[TO DO]
From the first line of the entries below through the line bearing "Colored-pencil drawing of", write out each line exactly. Omit pictures.

[Collected data]
====
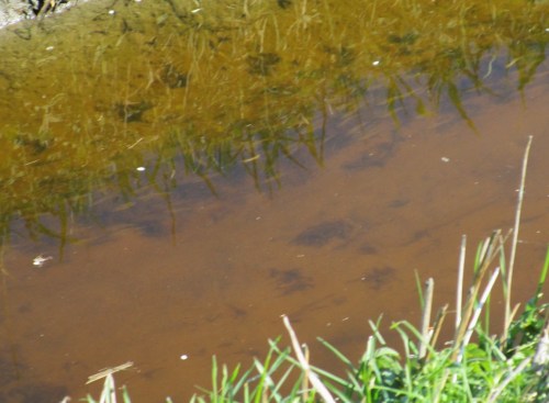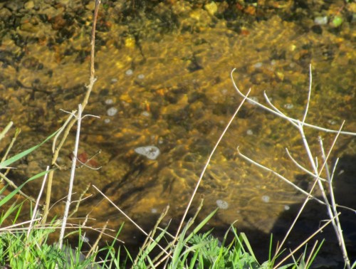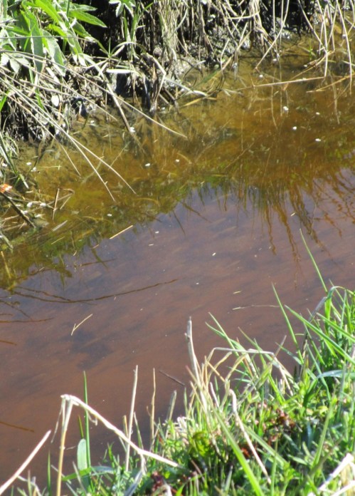 Schnell ein Blick in den Sauerbeck – Windeinstau, „gut Wasser“ bis vor den Geesthang – die nun kurze Bachturbulenz stellt ein gutes Versteck dar.
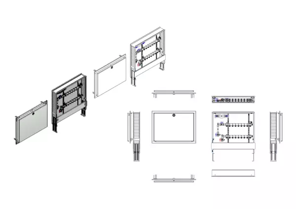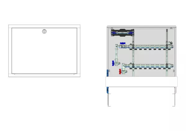 strawa HK-Anschlussstation H 52-W1-WMZ 9 Hkr.,BxHxT: 750x725x122 mm, vert. AG m. WMZ, Verteiler ohne Einbauten, Wasserzählerstr. TW kalt, Standard-UP-Schrank mit Frontblende in RAL 9016
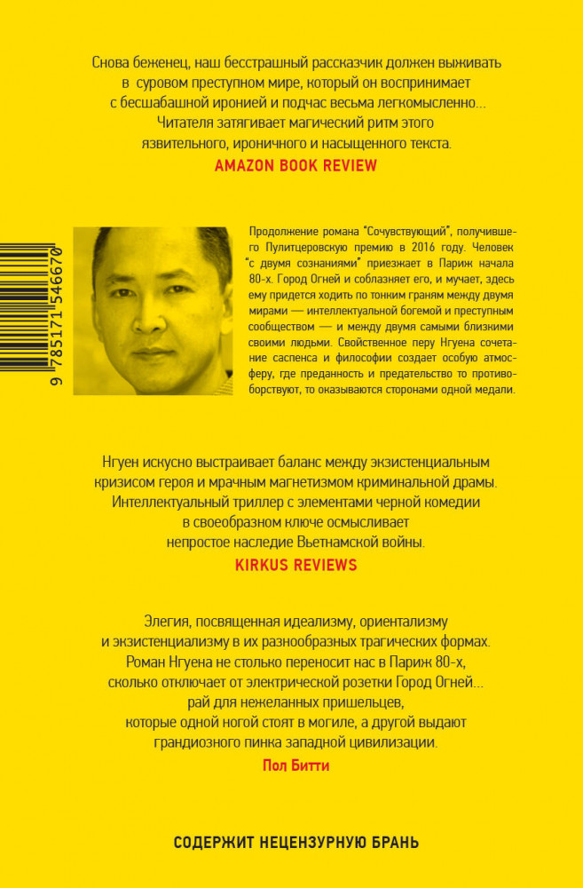 💳 Оплатить за товар можно при получении 🇰🇿 Есть бесплатная доставка по Казахстану от 1 дня 🎁 Копите бонусы с каждой покупки Серия: Corpus В 2016 году роман Вьет Тхань Нгуена «Сочувствующий» стал лауреатом Пулитцеровской премии. |
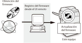 Puede actualizar el firmware del equipo a la versión más reciente con la función "Registrar/Actualizar software" de la IU remota.
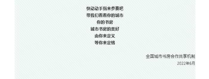 全国城市书房合作共享机制“定格城市书房最美瞬间”摄影大赛等你参加!
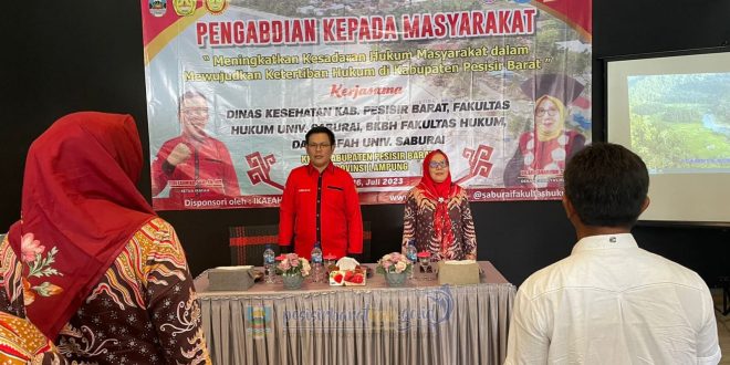 PESISIR BARAT (SUNDALANEWS.COM) – Dinas Kesehatan (Dinkes) Kabupaten Pesisir Barat (Pesibar) bekerjasama dengan Biro Konsultasi dan Bantuan Hukum (BKBH) Fakultas Hukum Universitas Sang Bumi Ruwa Jurai (Saburai) Lampung dengan disponsori oleh Ikatan Alumni Fakultas Hukum (IKAFAH) Universitas Saburai, menggelar kegiatan sosialisasi dalam rangka Pengabdian Kepada Masyarakat dengan tema “Meningkatkan Kesadaran Hukum Masyarakat dalam Mewujudkan Ketertiban Hukum di Kabupaten Pesisir Barat” yang dilaksanakan selama 2 Hari (15-16 Juli 2023) di Aula Hotel Sartika, Sabtu (15/7).
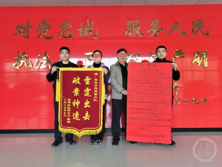 郭女士将感谢信和锦旗送到办案民警手中。河北省公安厅
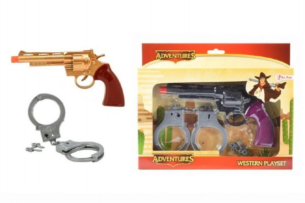 Pistole kovbojská + pouta plast 20cm, 2 barvy, v krabičce - 1 kus
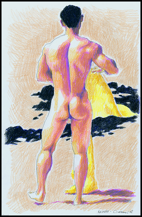 Colored-pencil drawing of standing rear nude on rocky beach
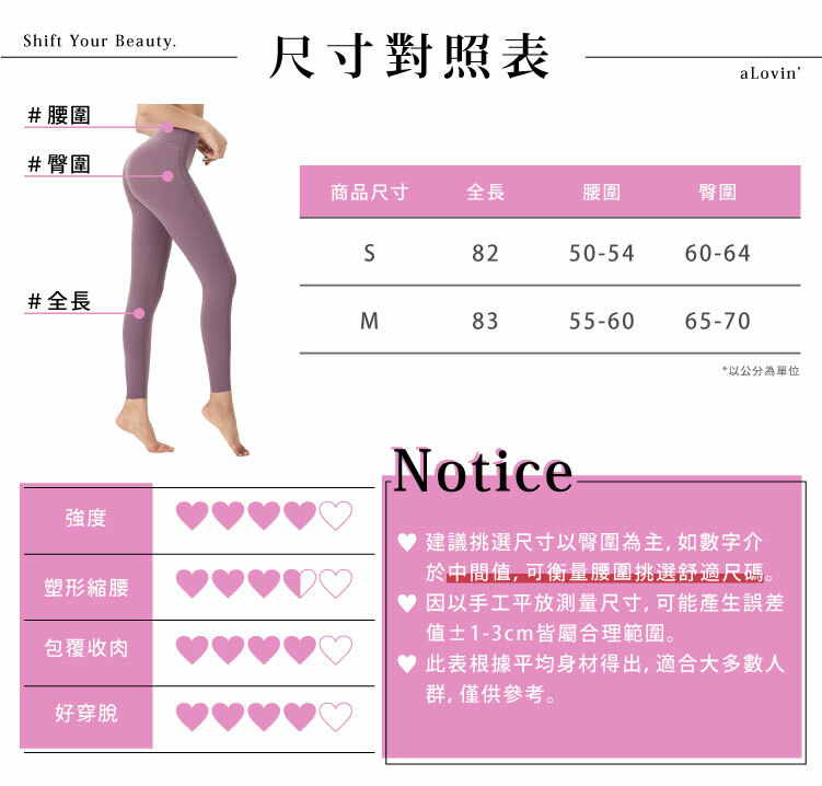 | 產品規格 | 品牌:婭薇恩 aLOVIN 品名:蜜桃高腰收腹瑜珈褲 顏色:星辰黑、丁香紫 成分:75% NYLON、25% POLYURETHANE 尺寸: · S 全長(82cm)、腰圍(50~54cm)、臀圍(60-64cm) · M 全長(83cm)、腰圍(70~80cm)、臀圍(65-70cm) ※ 建議挑選尺寸以臀圍為主,如數字介於中間值,可衡量腰圍挑選舒適尺碼。 ※ 因以手工平放測量尺寸,可能產生誤差值±1-3cm,皆屬合理範圍。 |
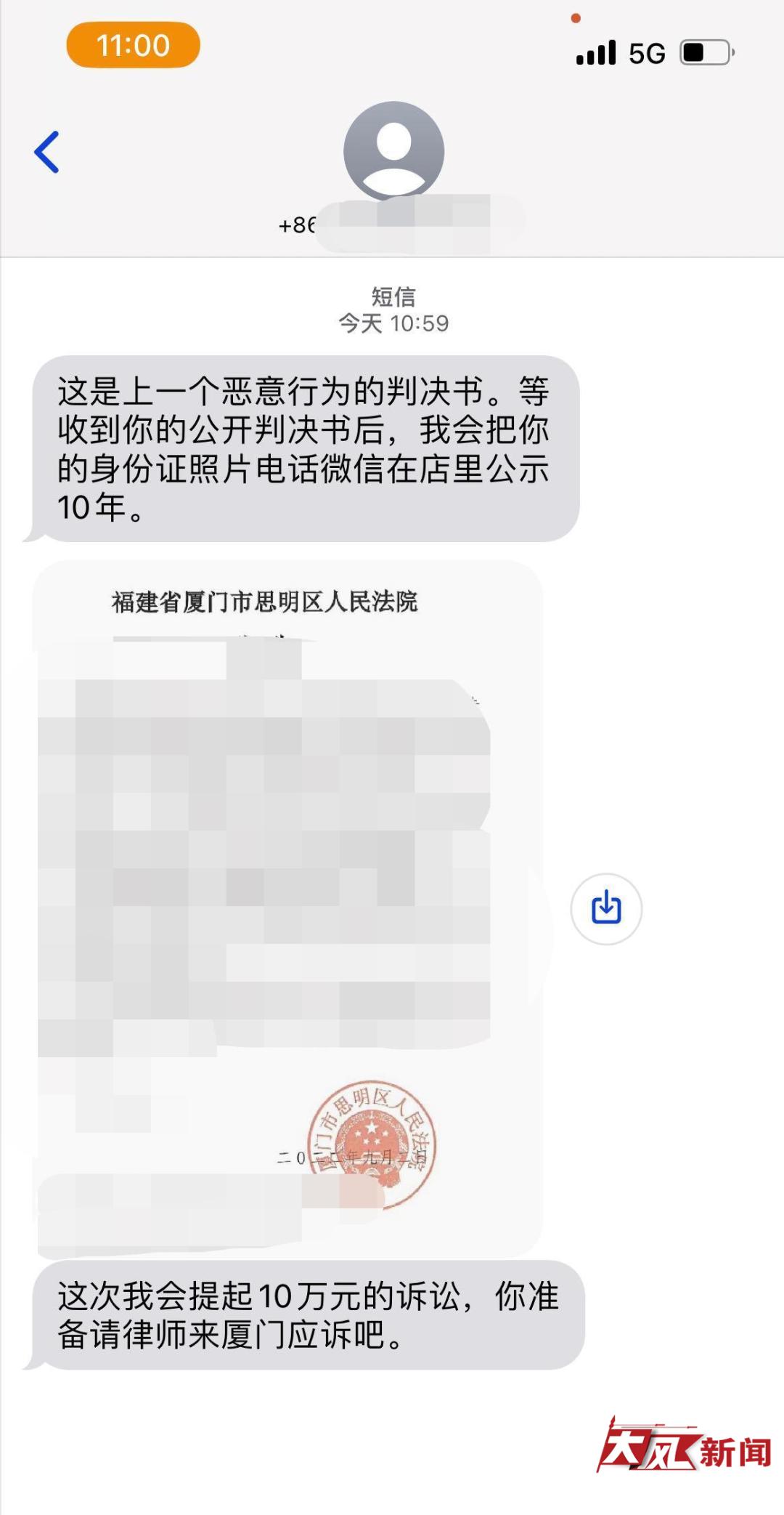 此后,旅店负责人又给王女士发来一条短信:这次我会提起10万元的诉讼,你准备请律师来厦门应诉吧。
====
[RESULT BELOW]
 Schnell ein Blick in den Sauerbeck – Windeinstau, „gut Wasser“ bis vor den Geesthang – die nun kurze Bachturbulenz stellt ein gutes Versteck dar.
 strawa HK-Anschlussstation H 52-W1-WMZ 9 Hkr.,BxHxT: 750x725x122 mm, vert. AG m. WMZ, Verteiler ohne Einbauten, Wasserzählerstr. TW kalt, Standard-UP-Schrank mit Frontblende in RAL 9016
 💳 Оплатить за товар можно при получении 🇰🇿 Есть бесплатная доставка по Казахстану от 1 дня 🎁 Копите бонусы с каждой покупки Серия: Corpus В 2016 году роман Вьет Тхань Нгуена «Сочувствующий» стал лауреатом Пулитцеровской премии. |
 Puede actualizar el firmware del equipo a la versión más reciente con la función "Registrar/Actualizar software" de la IU remota.
 全国城市书房合作共享机制“定格城市书房最美瞬间”摄影大赛等你参加!
 PESISIR BARAT (SUNDALANEWS.COM) – Dinas Kesehatan (Dinkes) Kabupaten Pesisir Barat (Pesibar) bekerjasama dengan Biro Konsultasi dan Bantuan Hukum (BKBH) Fakultas Hukum Universitas Sang Bumi Ruwa Jurai (Saburai) Lampung dengan disponsori oleh Ikatan Alumni Fakultas Hukum (IKAFAH) Universitas Saburai, menggelar kegiatan sosialisasi dalam rangka Pengabdian Kepada Masyarakat dengan tema “Meningkatkan Kesadaran Hukum Masyarakat dalam Mewujudkan Ketertiban Hukum di Kabupaten Pesisir Barat” yang dilaksanakan selama 2 Hari (15-16 Juli 2023) di Aula Hotel Sartika, Sabtu (15/7).
 郭女士将感谢信和锦旗送到办案民警手中。河北省公安厅
 Pistole kovbojská + pouta plast 20cm, 2 barvy, v krabičce - 1 kus
 Colored-pencil drawing of standing rear nude on rocky beach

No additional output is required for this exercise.